The problem
Leave out the pictures and reproduce all of the data exactly.

Given information
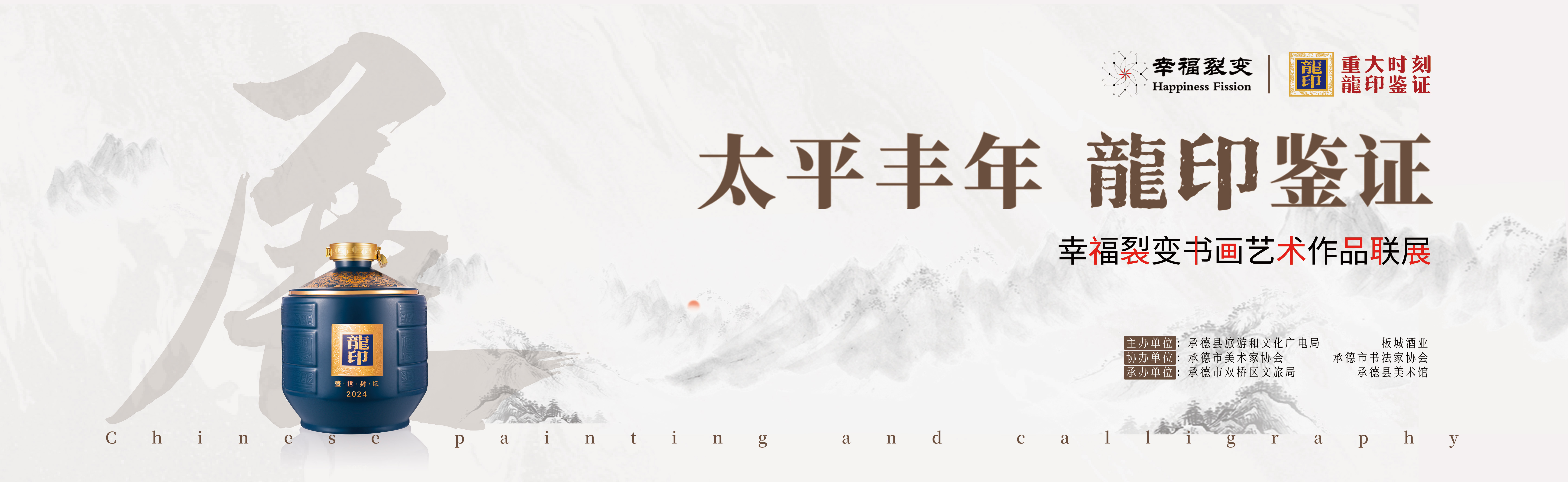 太平豐年,龍印鑒證;9月19日,由承德縣旅游和文化廣電局、板城酒業(yè)主辦;承德市美術(shù)家協(xié)會(huì)、承德市書(shū)法家協(xié)會(huì)協(xié)辦;承德市雙橋區(qū)旅游和文化局、承德縣文化館承辦的“太平豐年龍印鑒證——幸福裂變書(shū)畫(huà)藝術(shù)作品聯(lián)展”活動(dòng)盛大開(kāi)幕。
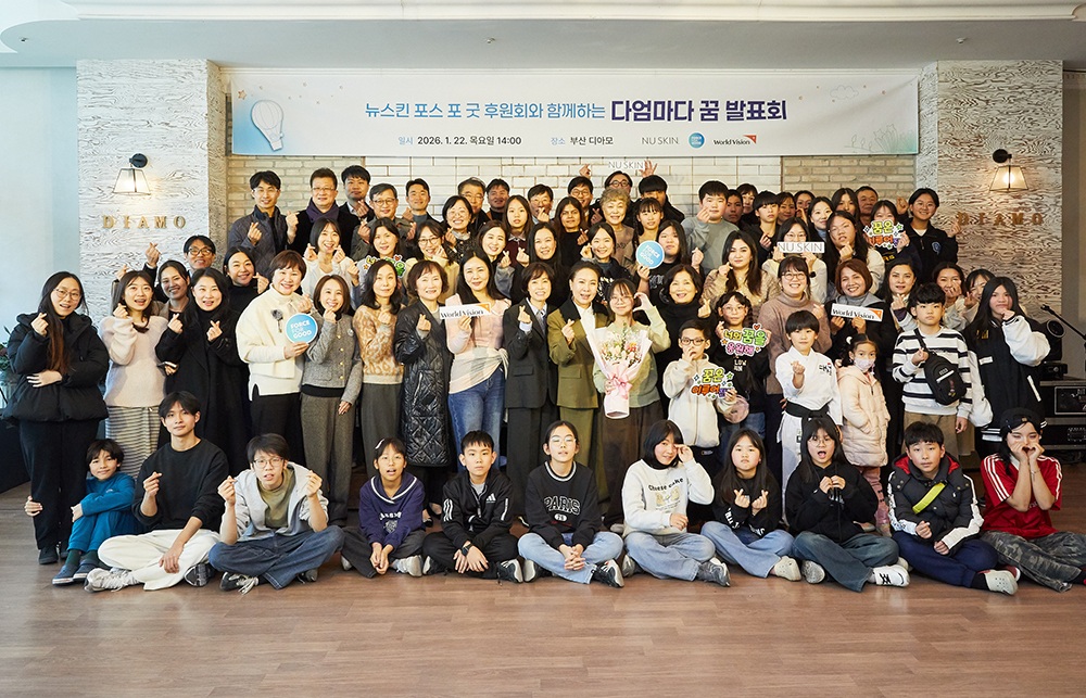 지난 1월 22일에는 한 해 동안 진행된 진로 교육을 마무리하며 부산 송정호텔에서 ‘다 엄마다’ 꿈 발표회를 개최했다. 이번 행사는 작년 교육을 수료한 다문화 가정 아동·청소년들이 그간의 배움과 성장을 무대 위에서 직접 표현하는 자리로 마련됐다. 행사에는 뉴스킨 임직원 및 회원 자치 봉사 단체 ‘포스 포 굿 후원회’ 회원 등 90여 명이 참석해 아이들의 꿈과 미래를 응원했다.
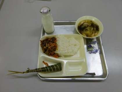今日の給食はこどもの日の行事献立です。牛肉のちらしずし・すまし汁・ちまき・きざみのり・米飯・牛乳です。給食では時々、行事や季節に応じた献立になります。今日もこどもの日にちなんでちらしずしやちまきが出ました。ちまきは既製品を出されたものではなく、きちんと学校で蒸したものを児童に提供しています。

Response area
 太平豐年,龍印鑒證;9月19日,由承德縣旅游和文化廣電局、板城酒業(yè)主辦;承德市美術(shù)家協(xié)會(huì)、承德市書(shū)法家協(xié)會(huì)協(xié)辦;承德市雙橋區(qū)旅游和文化局、承德縣文化館承辦的“太平豐年龍印鑒證——幸福裂變書(shū)畫(huà)藝術(shù)作品聯(lián)展”活動(dòng)盛大開(kāi)幕。
 지난 1월 22일에는 한 해 동안 진행된 진로 교육을 마무리하며 부산 송정호텔에서 ‘다 엄마다’ 꿈 발표회를 개최했다. 이번 행사는 작년 교육을 수료한 다문화 가정 아동·청소년들이 그간의 배움과 성장을 무대 위에서 직접 표현하는 자리로 마련됐다. 행사에는 뉴스킨 임직원 및 회원 자치 봉사 단체 ‘포스 포 굿 후원회’ 회원 등 90여 명이 참석해 아이들의 꿈과 미래를 응원했다.
今日の給食はこどもの日の行事献立です。牛肉のちらしずし・すまし汁・ちまき・きざみのり・米飯・牛乳です。給食では時々、行事や季節に応じた献立になります。今日もこどもの日にちなんでちらしずしやちまきが出ました。ちまきは既製品を出されたものではなく、きちんと学校で蒸したものを児童に提供しています。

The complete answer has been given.